# Hops out of freezer/fridge



## cyrrus (14/1/13)

It turns out that along the journey of moving house my Galaxy and Nelson Sauvin flowers and pellets didn't make it back into a fridge or freezer. They're unopened and properly vac packed but I do you think they'll be usable or stuffed? They are fairly old and have been out of the fridge for at least a few months.


----------



## raven19 (14/1/13)

If they smell cheesy they may be past their best - you could age them further though, add use them in a lambic though.

open up the packets, give them a good smell and go from there.


----------



## carniebrew (14/1/13)

I have used Amarillo pellets that were well packaged but not kept refrigerated, with no ill effects. Have they at least been stored indoor, or somewhere dark/cool? Certainly they'll age more quickly out of the fridge/freezer. As raven said, give 'em a good smell when you open them to be sure, and have some fresh backup hops on hand in case they smell bad. Even better to smell them up against similar hops that you know are fresh.

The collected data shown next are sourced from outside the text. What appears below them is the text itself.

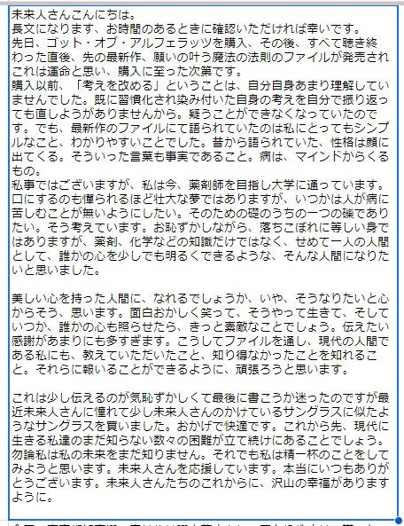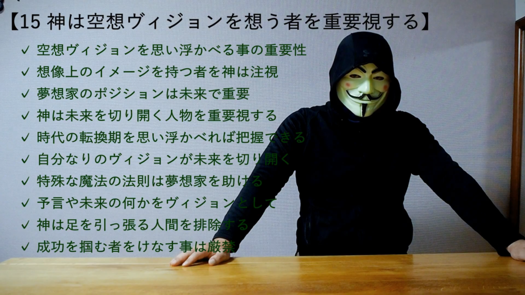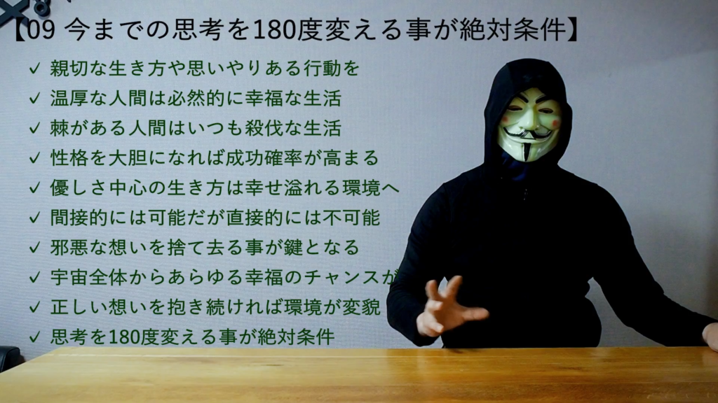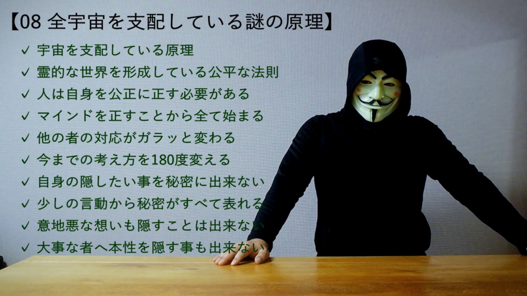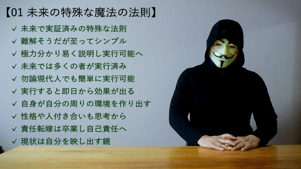 この動画を作るにあたり、私は分かりやすく優しく説明するよう努めました。なぜならば、すべての先輩方に理解していただきたいからです。ここで説明している法則は、未来で十分に検証され、実際に試されました。そして、実際に効果があるという結果が出ています。もしここで説明している「魔法の法則」を実践して願いを叶えたいと思うのであれば、ぜひこの動画で説明している通りに実行してください。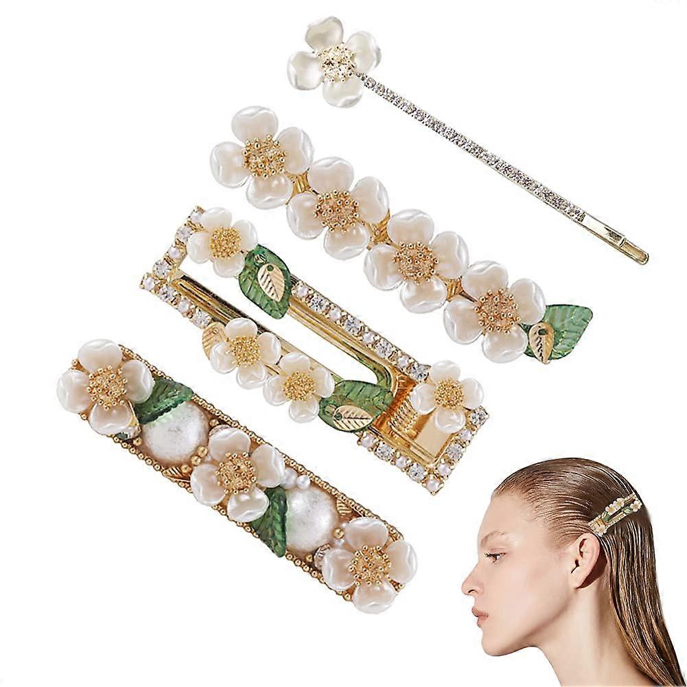 4 PCS Metal Flower Hair Clips Pearl Hair Barrettes Hairpins Hair Accessories for Women Girls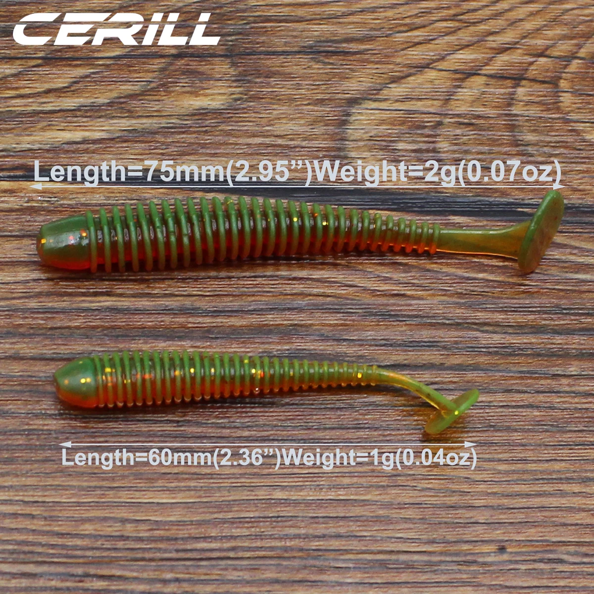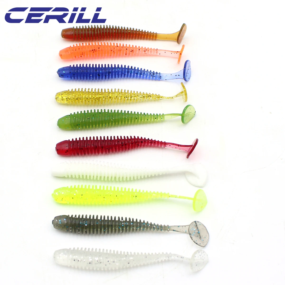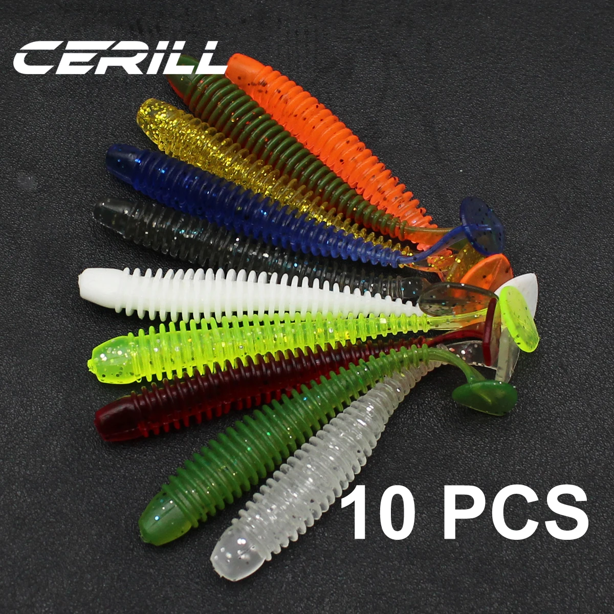 Cerill 10 Uds 6 cm 7,5 cm silicona T cola gusano Señuelos de Pesca suaves cebos artificiales Bass Jigging Wobblers Swing Swimbait Tackle

In the end you're talking about what 5-10c per gram? If in doubt, throw 'em out.


----------



## adryargument (14/1/13)

raven19 said:


> If they smell cheesy they may be past their best - you could age them further though, add use them in a lambic though.
> 
> open up the packets, give them a good smell and go from there.


Make sours, dont question it - just do it. (And wear nikes)


----------



## cyrrus (15/1/13)

Haha thanks guys for the tips. I'll keep them on hand and if they're alright then all good. I'll order some replacements in the mean time! (Oh, and buy some more Nike's)


----------